Directly in front of the engine, distant only a few feet from where I sat, a human face grinned at me. And such a face! There was something indescribably horrible about it, and, in spite of myself, I screamed right out. You can't imagine, sir, what a fearful sight it was. You see, it just seemed to flash right out at me and then disappeared. It was fully ten feet above the ground, and directly in line with my face. The eyes were wide open, and they glared at me terribly. The mouth, too, was open, and the teeth were exposed; but, worst of all sir, right on the forehead was a gaping wound, and the blood was apparently flowing from it.

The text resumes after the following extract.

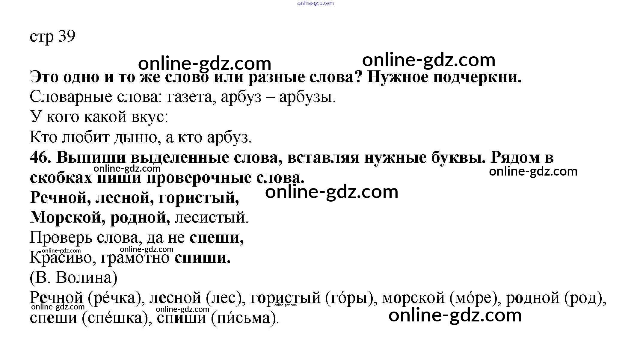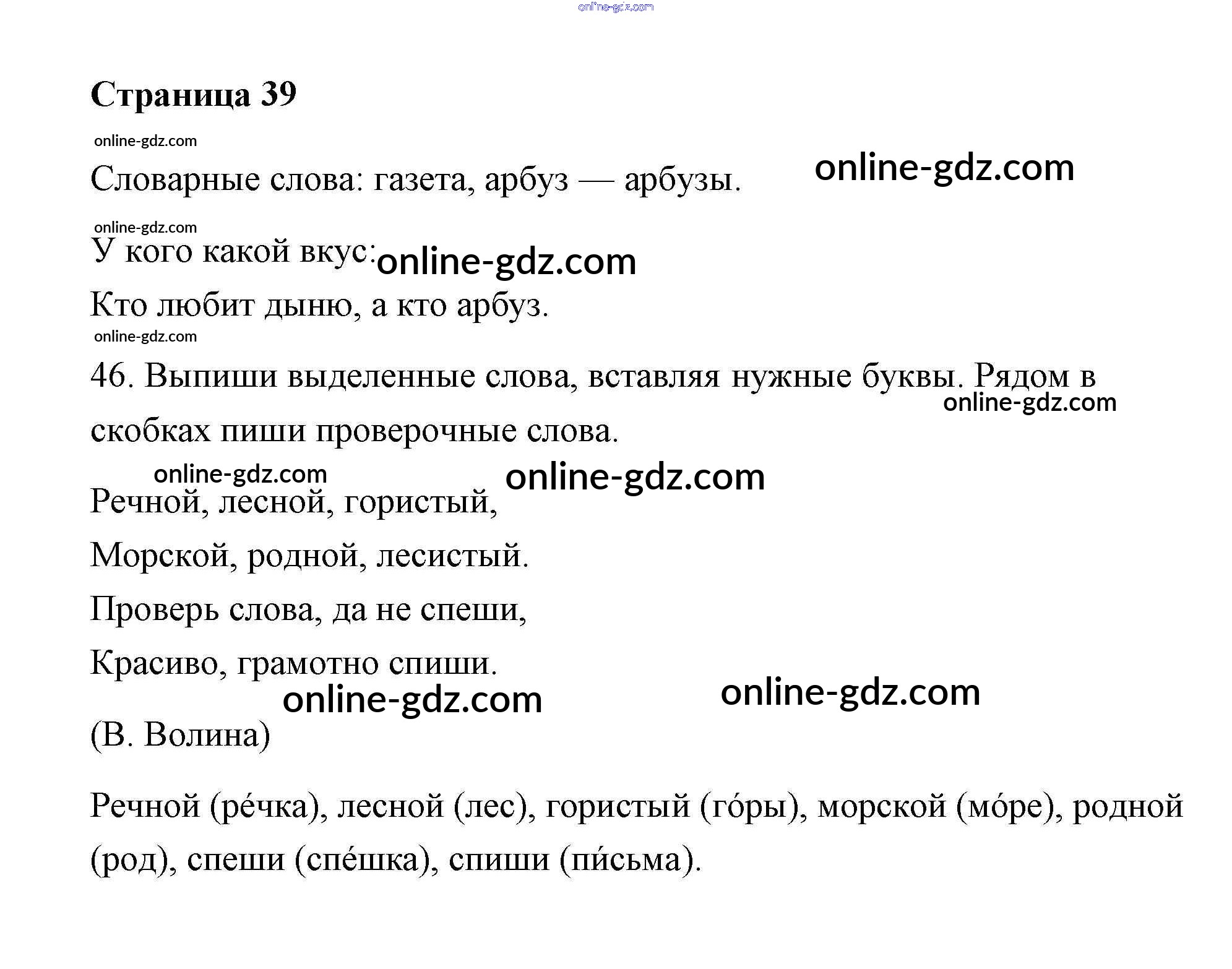 Готовые домашние задания по Русскому языку за 2 класс Тетрадь для самостоятельной работы Байкова, Малаховская 2017 - Часть 1. Страницы 39

"All this I saw in a single second; it might possibly have been even less. However, I was paralyzed with horror by it, and it was half a minute before I recovered my senses. I quickly closed the throttle-valve and applied the brakes. After I had done this the thought flashed through my mind that I might have been mistaken; that, owing to the troubles pressing on my mind I might have imagined that which I thought was real. Then, again, I thought it might have been a ghost; for you must understand that, while I had never previous to this time believed in unearthly visitors, I was scared enough then to believe in anything.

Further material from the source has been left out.